An enviable resource for autobiographical details can be found in a 2004 series of interviews that is archived at HistoryMakers.org. There Paul shared the details of his life journey that began with his birth on March 1, 1936 in New York city, and that included highlights such as his parents’ involvement in the Garvey movement, the AME Church, and the Gullah tradition. As a teenager he discovered art and politics in Greenwich Village, “spending time with Amiri Baraka, Ted Joans, Billy Dee Williams and a coterie of jazz musicians. After a stint at New York University, he transferred to Indiana University in 1953 where he continued his association with artists and musicians such as David Baker and Freddie Hubbard.” (Herb Boyd, New York Amsterdam News, January 20, 2022)
After returning to New York, and following his master’s degree at the New School for Social Research, Paul moved to Spain and then the Netherlands. There he joined a group of fellow artists and writers that included the actress whom he married, Ria Vroemen. He is survived by their daughter, Fonteyn Harrison, grandson Nigel Plattel, and wife Wanda Malone. Happily residing in Panama in recent years he was back in Atlanta for these past months, writing and editing while enjoying the care and company of family.

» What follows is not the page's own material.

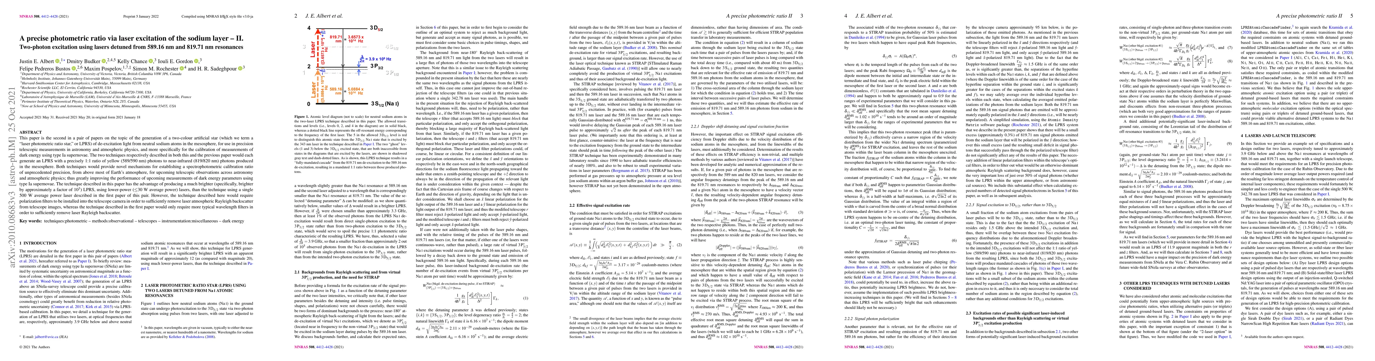 This article is the second in a pair of articles on the topic of the generation of a two-color artificial star (which we term a "laser photometric ratio star," or LPRS) of de-excitation light from neutral sodium atoms in the mesosphere, for use in precision telescopic measurements in astronomy and atmospheric physics, and more specifically for the calibration of measurements of dark energy using type Ia supernovae. The two techniques respectively described in both this and the previous article would each generate an LPRS with a precisely 1:1 ratio of yellow (589/590 nm) photons to near-infrared (819/820 nm) photons produced in the mesosphere. Both techniques would provide novel mechanisms for establishing a spectrophotometric calibration ratio of unprecedented precision, from above most of Earth's atmosphere, for upcoming telescopic observations across astronomy and atmospheric physics. The technique described in this article has the advantage of producing a much brighter (specifically, brighter by approximately a factor of 1000) LPRS, using lower-power (<30 W average power) lasers, than the technique using a single 500 W average power laser described in the first article of this pair. However, the technique described here would require polarization filters to be installed into the telescope camera in order to sufficiently remove laser atmospheric Rayleigh backscatter from telescope images, whereas the technique described in the first article would only require more typical wavelength filters in order to sufficiently remove laser Rayleigh backscatter.

Family remembrances also conclude Paul’s HistoryMakers.org interviews, alongside such compelling topics as his hopes and concerns for African American communities, reflections on his life and legacy, how he wanted to be remembered, and narrative accompaniments to his photograph collections. Another trove of archival materials is available in the collection of Paul Carter Harrison Papers, 1939-2016, archived at Emory’s Stuart A. Rose Manuscript, Archives and Rare Book Library and accessible for research.